DuckDB Ecosystem: April 2025

2025/04/05 - 9 min read

Hey, friend 👋

I hope you're doing well. I'm Simon, and I am excited to share another monthly newsletter with highlights and the latest updates about DuckDB, delivered straight to your inbox.

In this April issue, I gathered 10 (actually 12, I squeezed in two more related) links highlighting the updates and news from the ecosystem of DuckDB. This time, we have SQLFlow turning DuckDB into a streaming engine, a new vector search database built on DuckDB, dramatic performance boosts with local caching, the exciting new DuckDB UI, AWS S3 Tables integration, security enhancements, and more. Check out this edition below.

If you have feedback, news, or any insights, they are always welcome. 👉🏻 duckdbnews@motherduck.com.

Featured Community Member

Caleb Fahlgren

Caleb Fahlgren is a Product ML Engineer at Hugging Face. In his recent community blog post, he walks through how the new DuckDB Local UI makes it easy to explore Hugging Face datasets locally using the hf:// protocol. Not only is the integration between DuckDB and Hugging Face datasets smooth, but DuckDB also powers dataset discovery behind the scenes at Hugging Face.

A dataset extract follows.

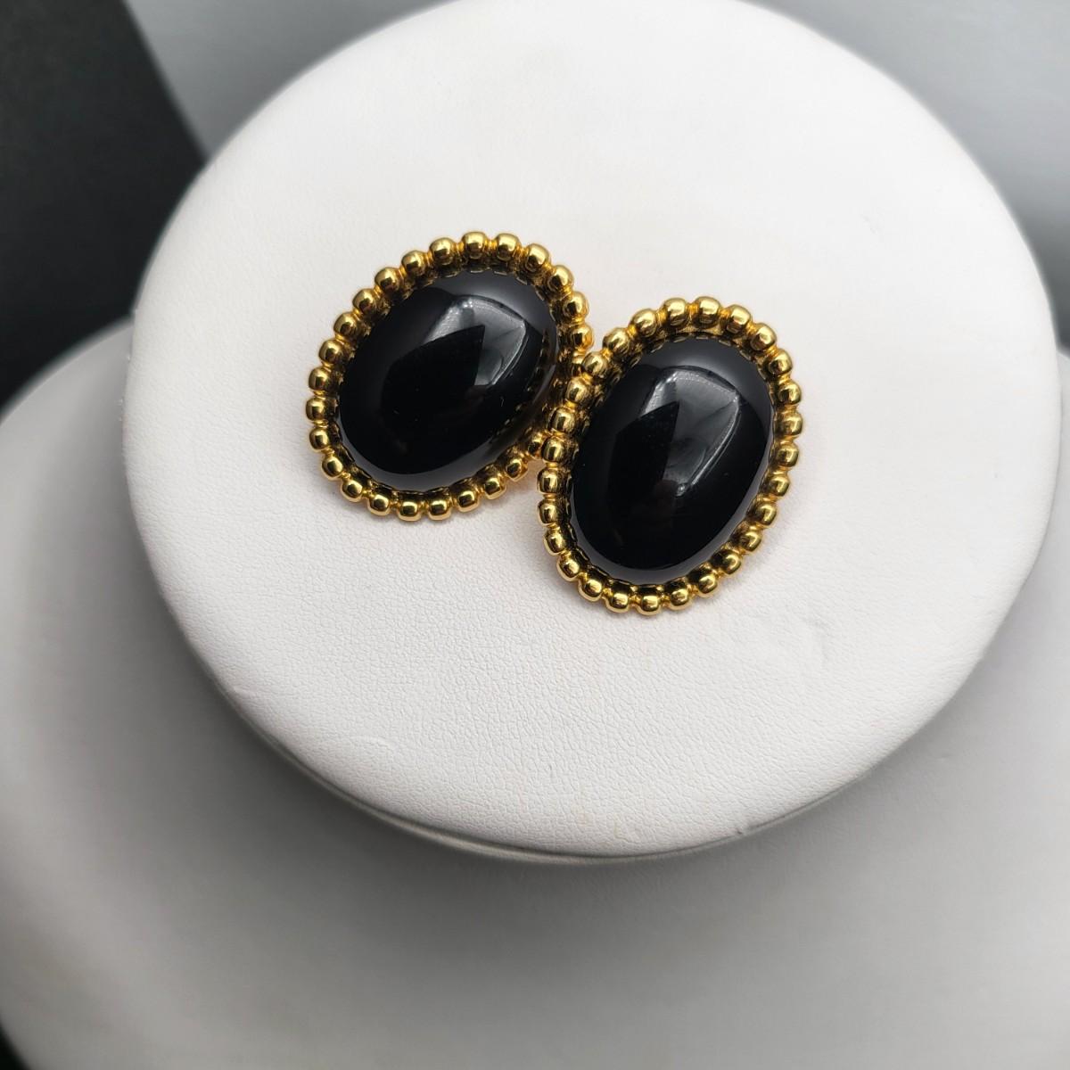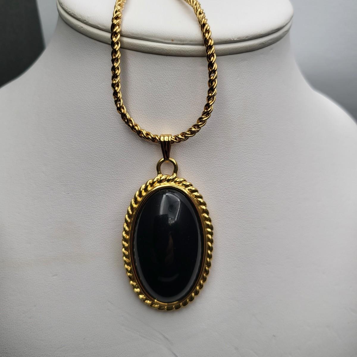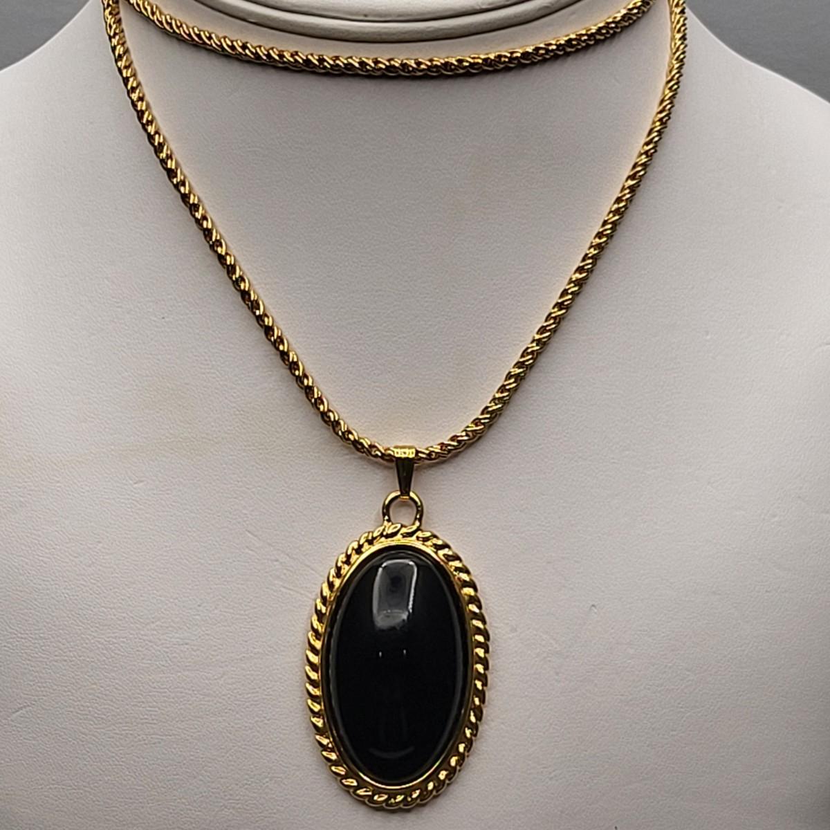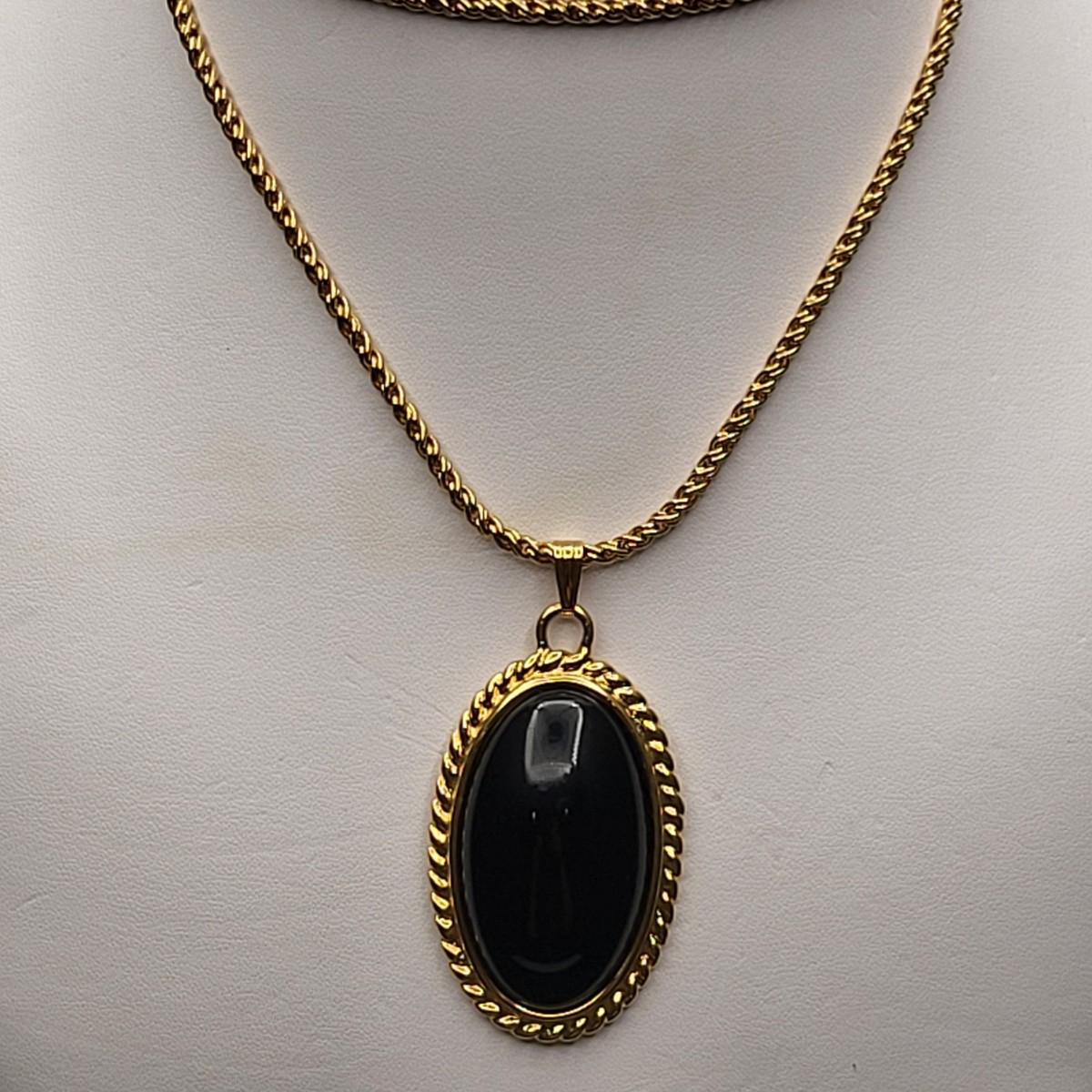 Gold tone and oval black thermoset inserts necklace and clip earring set by designer Monet. The unique twist chain is 27" long.

Thanks to Caleb for his thoughtful contribution to the DuckDB community!

Top DuckDB Links this Month

DuckDB for Streaming Data

TL;DR: SQLFlow is a stream processing engine built on DuckDB and Apache Arrow, enabling users to define data pipelines using SQL for high-performance data transformations and aggregations.

SQLFlow ingests data from sources like Kafka and WebSockets, processes it using DuckDB for SQL execution, and outputs it to destinations like PostgreSQL, Kafka, or cloud storage. Key to its architecture are input sources, handlers (SQL execution via DuckDB), and output sinks. It offers a range of use cases, including streaming data transformations (basic.agg.mem.yml), stream enrichment (enrich.yml), and real-time data aggregation, as well as integration with services like Bluesky firehose and Iceberg catalogs. Takeaway: SQLFlow allows DuckDB users to leverage SQL for defining real-time data pipelines, offering a lightweight alternative to traditional stream processing engines.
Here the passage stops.